Two agents from the FBI’s Rome office were standing beside a black SUV, a man and woman, both in dark suits that must have been nearly unbearable; a heat wave had settled over Naples, as if Vesuvius had woken and spewed searing air over all of Campania.
Rhyme himself was sweating fiercely but, as with most other sensations, good and bad, he was largely immune. His temples tickled occasionally but Thom was always there to mop.
And remind. ‘Out of the sun soon,’ the aide said sternly. Extreme temperatures were not good for his system.
‘Yes, yes, yes.’
Sachs repeated to Charlotte McKenzie, ‘Trust you?’
‘No,’ Rhyme answered bluntly. They’d found no proof but he thought it likely that the AIS unit had somehow staged an op to steal the evidence against her and Stefan from the Questura evidence room and ditch it. He added, ‘But it wasn’t really our call. Your travel arrangements were made by Washington. You’ll be on a government jet to Rome, then onward to Washington, and agents’ll meet the flight. They’ll make sure that Stefan gets to his hospital. And you get to... wherever your mysterious headquarters is.’
‘A parking garage at Dulles will be fine.’
‘After that it’ll be up to the US attorney and the DA in New York to see where your new address’ll be.’

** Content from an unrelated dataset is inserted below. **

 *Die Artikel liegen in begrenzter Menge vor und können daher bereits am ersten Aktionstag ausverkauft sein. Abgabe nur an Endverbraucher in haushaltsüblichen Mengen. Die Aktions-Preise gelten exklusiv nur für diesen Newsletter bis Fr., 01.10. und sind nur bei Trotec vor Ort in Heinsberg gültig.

Though he knew there would be no charges brought for the Robert Ellis kidnapping, which was not, of course, a kidnapping at all.

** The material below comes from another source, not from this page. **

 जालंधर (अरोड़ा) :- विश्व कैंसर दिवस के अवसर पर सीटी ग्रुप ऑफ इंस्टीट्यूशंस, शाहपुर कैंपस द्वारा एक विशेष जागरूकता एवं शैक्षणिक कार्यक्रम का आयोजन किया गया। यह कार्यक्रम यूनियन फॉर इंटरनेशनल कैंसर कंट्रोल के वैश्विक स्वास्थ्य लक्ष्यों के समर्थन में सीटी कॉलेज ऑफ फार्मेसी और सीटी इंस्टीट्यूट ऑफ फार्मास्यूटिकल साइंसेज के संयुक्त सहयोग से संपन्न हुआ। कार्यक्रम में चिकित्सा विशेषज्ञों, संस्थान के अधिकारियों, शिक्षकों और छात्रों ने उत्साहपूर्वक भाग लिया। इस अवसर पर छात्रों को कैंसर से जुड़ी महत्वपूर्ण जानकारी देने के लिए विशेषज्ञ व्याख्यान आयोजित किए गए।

Stefan was looking over the city, which here was filled with a cacophony of sounds. His attention was entirely elsewhere and his head bobbed from time to time and his lips moved once or twice. Rhyme wondered what Stefan was hearing. Was this, for him, like an art lover gazing at a painting? And, if so, was the experience a Jackson Pollock spatter or a carefully composed Monet landscape?
One man’s lullaby is another man’s scream.
A Flying Squad car pulled up and an officer climbed out, collecting two suitcases and a backpack from the trunk: McKenzie’s and Stefan’s belongings — from her place and from the farmhouse near the fertilizer operation, Rhyme supposed.